“A pergunta é: por que ainda não estávamos no Brasil?”. Foi assim que Eduard R. Dörrenberg, CEO Global da Dr. Wolff Group começou a apresentação da marca ao País.
Fundado em 1905, o grupo alemão familiar desembarca oficialmente no Brasil em 2026, após anos de estudos, planejamento e cautela. “Estive aqui pela primeira vez em 2012 e percebi rapidamente que há uma grande demanda por produtos excelentes para cabelo, pele e dentes. Mas trazer produtos para o Brasil não é simples”, completou.
O atraso, segundo ele, não foi desinteresse, foi estratégia. “Sou ambicioso. E quando entro em um mercado, quero ter certeza de que vai funcionar. O Brasil é um grande consumidor de produtos de higiene, então estamos aqui”, afirmou. Com presença em 69 países e já consolidada na Europa e na Ásia, a empresa pretende conquistar o Brasil e transformá-lo em seu segundo maior mercado nos próximos anos.
“Na Dr. Wolff somos como o Asterix. Uma empresa de médio porte, familiar, lutando todos os dias contra gigantes. Sobrevivemos porque focamos, usamos armas diferentes e fazemos as coisas de outro jeito”, disse ao apresentar o diferencial que trará para o consumidor brasileiro.
Esse “outro jeito” passa por ciência, especialização e foco nas necessidades reais do mercado. Hoje, o grupo atua em cinco grandes frentes: cuidados capilares, saúde bucal, dermatologia, ginecologia e cosméticos – sempre baseado em pesquisa clínica e inovação patenteada. São cerca de €491 milhões em faturamento e mais de 930 colaboradores pelo mundo.
Por que o Brasil – e por que agora?
A resposta veio de Tomas Schulz, vice-presidente de Vendas para a América do Sul. Segundo ele, o Brasil sempre esteve no radar, mas o caminho exigia maturidade. “O Brasil é um ‘must’ da América Latina, mas também é um mercado complexo: registro, taxação, logística”, explicou.

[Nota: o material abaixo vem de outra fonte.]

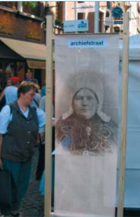
Archiefstraat op Erfgoeddag 2005. Foto: Bruno Vermeeren.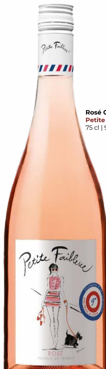
Rosé Côtes de Gascogne IGP 2024 Petite Faiblesse 75 cl | 9 % | 12.80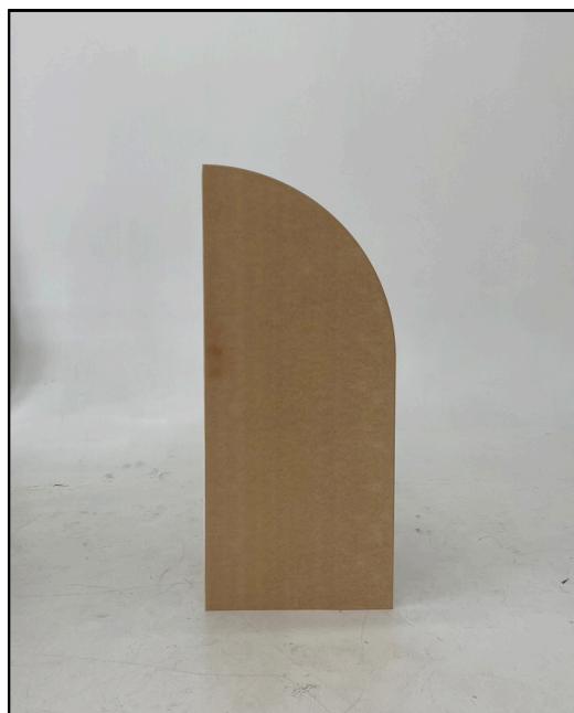
BLS 203.100 / 24L-60H Location 100$.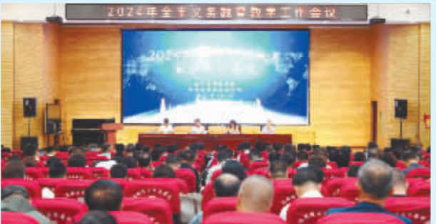
2024年全市义务教育教学工作会议。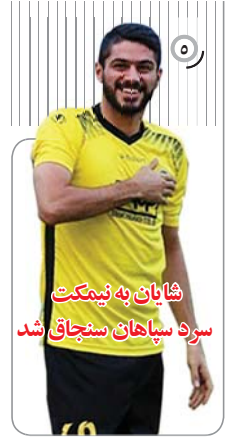
شایان به نیکت سرد سپاهان ستیاقی شد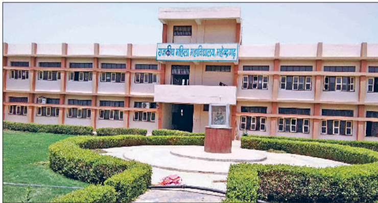
महेंद्रगढ़। राजकीय महिला महाविद्यालय।

बता दें कि गत माह उच्चतर शिक्षा विभाग की ओर से स्नातक कोर्स के दाखिले का शेड्यूल जारी किया गया था। विभाग की ओर से कॉलेजों 14 से 17 मई तक पोर्टल पर डाटा अपलोड करने का समय दिया गया था। वहीं विद्यार्थियों को नौ जून तक ऑनलाइन आवेदन करने का समय दिया गया था, लेकिन कॉलेज में करीब 50 प्रतिशत सीट खाली रह गई थी। ऐसे विभाग की ओर से एक सप्ताह के लिए अंतिम तिथि को बढ़ा दिया गया था। विभाग की ओर से जारी शेड्यूल के अनुसार 17 जून की रात 12 बजे तक अपने आवेदन में सुधार कर सकेंगे। आवेदन प्रक्रिया समाप्त होने के बाद अभी भी कॉलेजों में 30 प्रतिशत सीटें खाली रह गई है। 26 जून को पहली मेरिट लिस्ट जारी होगी। मेरिट लिस्ट में शामिल विद्यार्थी 30 जून तक फीस भर कॉलेज में दाखिला ले सकेंगे।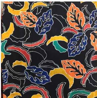
Gambar 1. Batik Khas Kabupaten Jember

Konten quantity perlu dikembangkan karena berkaitan langsung dengan aktivitas manusia dalam kehidupan sehari-hari seperti dalam menukar kurs mata uang, menentukan bunga bank, berbelanja, menghitung pajak, mengukur waktu, mengukur jarak dan lain-lain (Anisah, Zulkardi, & Darmawijoyo, 2011). Selain itu, hasil literasi matematika pada konten quantity masih tergolong rendah bila dibandingkan dengan konten-konten yang lain. literasi matematis siswa pada konten quantity masih tergolong rendah, yaitu 25,9. Sedangkan capaian literasi matematis pada konten uncertainty and data, change and relationship , dan space and shape berturut-turut 32,8; 26,0; dan 25,8 (Mahdiansyah & Rahmawati, 2014). Materi dalam konten quantity seperti bilangan dan pola bilangan sendiri sudah ditempuh atau dipelajari oleh siswa kelas VIII SMP, sehingga soal PISA yang akan diberikan atau diujikan kepada siswa tersebut akan lebih mudah untuk dipahami dan dikerjakan nantinya.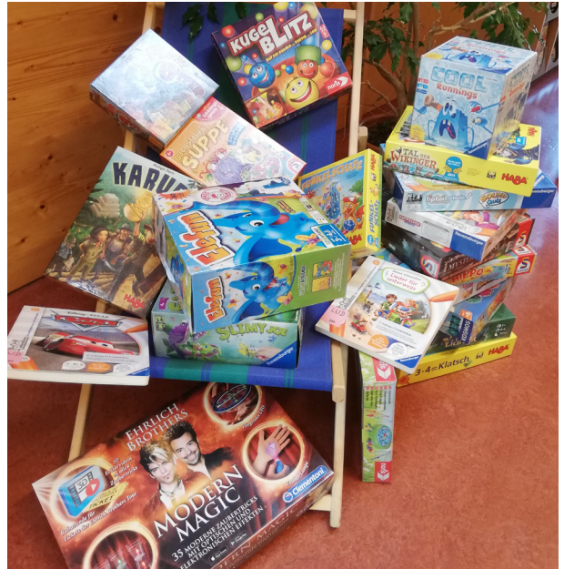
Neues aus der Ludothek

„Endlich. Nach einer langen Schiffsreise haben die Schatzjäger die Insel Karuba erreicht und können sich auf die Jagd nach den verborgenen Schätzen machen. Wer führt sein Expeditionsteam möglichst clever über die Dschungelpfade, achtet auf die Mitspieler und hält die Augen nach Gold und Kristallen am Wegrand offen? Und wer sichert sich die wertvollsten Tempel-Schätze? Ein fesselndes Legeabenteuer für 2-4 Schatzjäger ab 8 Jahren“.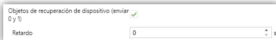
Figura 3 – Objetos de recuperación de dispositivo.

Nota: tras descarga o fallo de bus, el envío se produce con un retardo de hasta 6.35 segundos más el retardo parametrizado, a fin de no saturar el bus.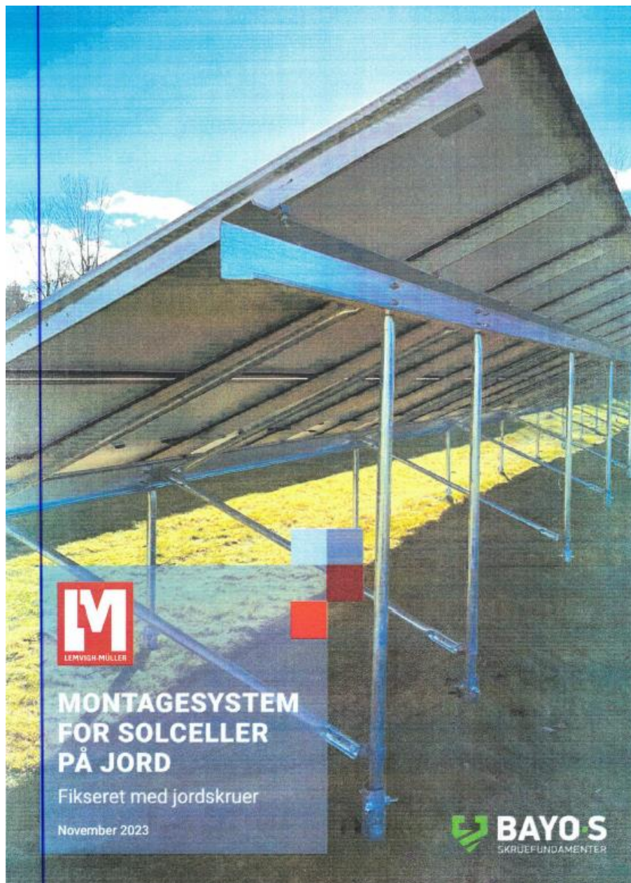
Billede af typen af solcellestativ, som der er ansøgt om.

O processo levou cerca de quatro anos, sendo dois apenas para registro e estruturação. “Agora, estamos fazendo a entrada certa, com o parceiro certo”, disse Schulz, referindo-se à parceria exclusiva com a RD Saúde, que leva as marcas Alpecin e Bioniq para as farmácias Raia e Drogasil.

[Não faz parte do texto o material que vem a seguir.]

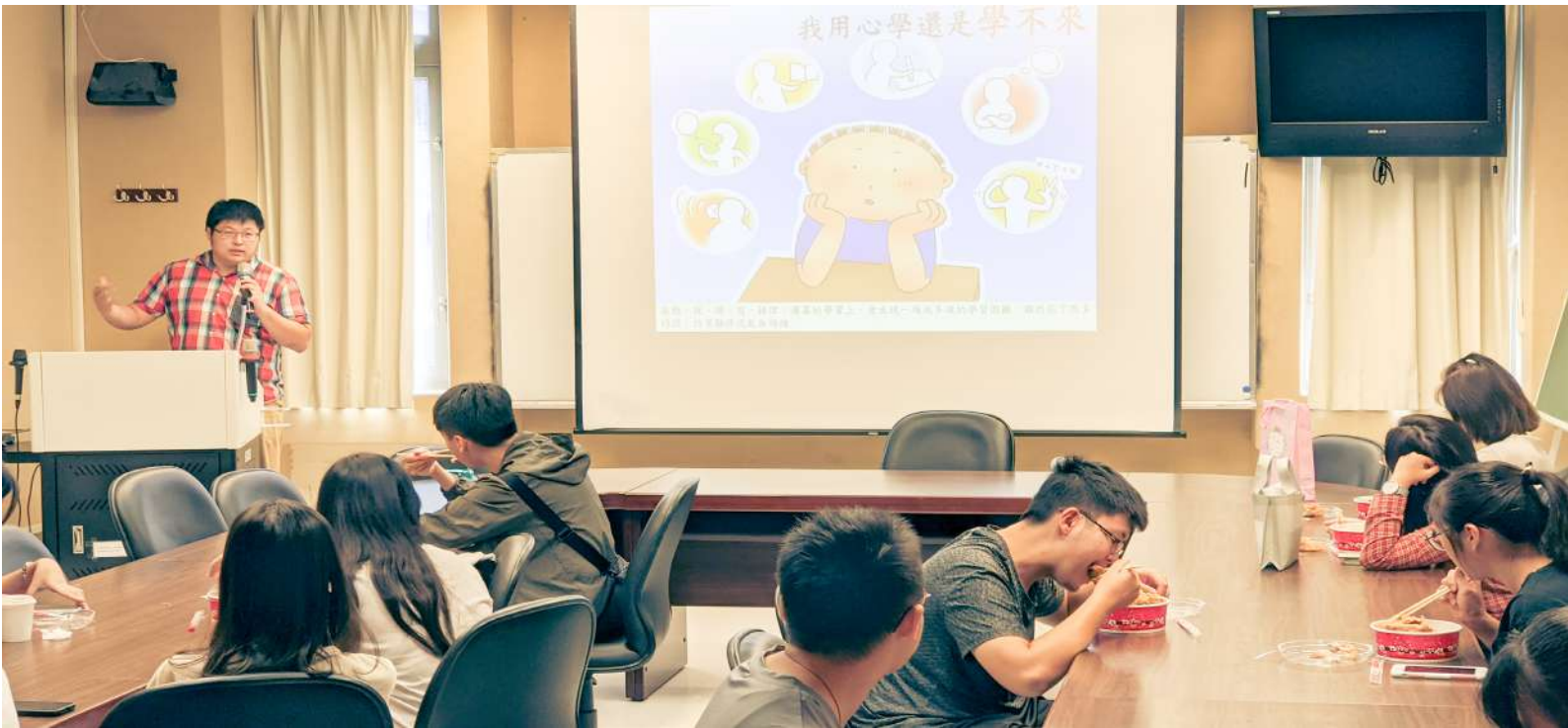
▲ 天使學伴期初會議與知能培訓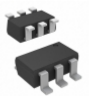
AS222-92LF Skyworks Solutions Inc. IC SW SPDT 0.1-3GHZ GAAS SC70-6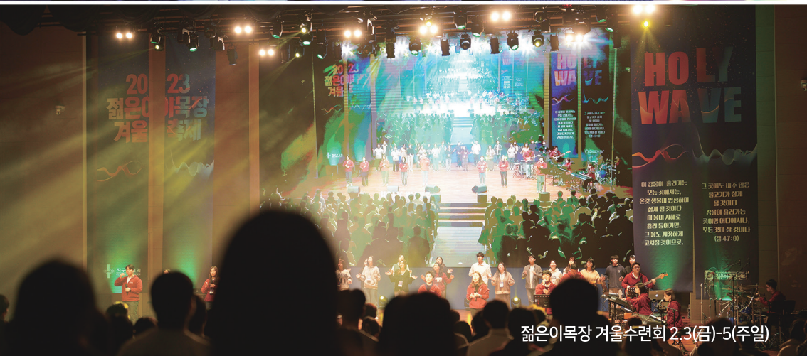
젊은이목장 겨울수련회 2.3(금)-5(주일)

탄생 1994. 1. 9 / 창립 1994. 5. 7 제 30권 1519호 2023년 2월 19일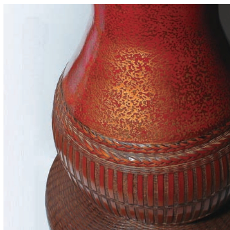
李榮烈 葫蘆 67×42×42cm 2009 桂竹、紗布、漆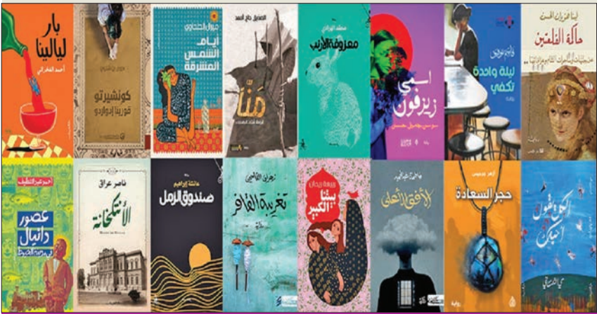
أغلفة الأعمال المرشحة

مدينة الخيوط» لأحمد عبد الطيف من مصر عن «دار العين»، 13 - «الانتكاسة» لناصر عراق من مصر عن «دار الشروق»، 14 - «بار ليالينا» لأحمد الفخراي من مصر عن «دار الشروق»، 15 - «تغريبة القافر» لزهرا القاسمي من عمان عن «دار رشم»، 16 - «معزوفة الأرنب» لمحمد الهادي من المغرب عن «منشورات المتوسط»،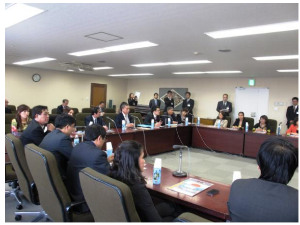
Hội đàm với các doanh nghiệp Nhật Bản (2012)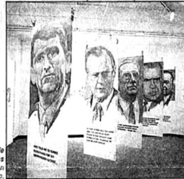
Retratos de Dos Caras por Jean Pinataro.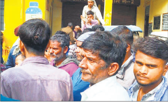
समिति पर हंगामा करते किसान।

यूरिया लेने के लिए सुबह से ही बड़ी संख्या में किसान समिति परिसर में जमा थे। किसानों का आरोप है कि वितरण व्यवस्था में भारी अव्यवस्था रही और कुछ लोगों को प्राथमिकता दी गई, जबकि कतार में खड़े कई किसानों को खाद नहीं मिल सकी। इसी को लेकर किसानों में आक्रोश

Os primeiros sinais animam. “Estamos no mercado há cerca de 45 dias e os resultados estão superando nossas expectativas”, afirmou. Para ele, o comportamento do consumidor brasileiro faz diferença: “O brasileiro testa, comenta, recomenda. A interação nas redes sociais é impressionante”.
Estreia: Alpecin e Bioniq

A estreia acontece com duas marcas. A Alpecin, líder em cuidados capilares masculinos na Alemanha, é reconhecida por ser o primeiro shampoo de cafeína do mundo e inclui os produtos: Caffeine Shampoo C1, sua versão Black Edition e o Caffeine Liquid, que prolonga o ciclo de vida dos fios. A linha pode ser encontrada a partir de R$ 89,99.

Já a linha bucal Bioniq aposta em uma tecnologia ainda pouco difundida no Brasil: a hidroxiapatita biomimética, mineral que compõe o esmalte natural dos dentes e ajuda a reparar microfissuras, reduzir sensibilidade e clarear os dentes. A linha está disponível e inclui Bioniq Repair, Bioniq White Filler e Bioniq Repair Tooth Milk e pode ser encontrada a partir de R$ 49,99.
“Nosso diferencial está em desenvolver produtos que tratam dores reais dos consumidores, combinando inovação científica e eficácia comprovada”, afirmou Dörrenberg.
O mercado ganha mais um novo grande competidor
Depois de 120 anos, a Dr. Wolff parece confortável em não se apressar. Mas também deixa claro que não veio ao Brasil para testar e sim para competir. Como disse o CEO, encerrando sua apresentação: “Eu não gosto de perder. Quero vencer no Brasil de novo”.
Existe um plano robusto de lançamentos. Novidades estão previstas para os próximos anos e a meta estipulada é trazer toda a linha de produtos das 5 frentes da empresa para o mercado brasileiro em três anos.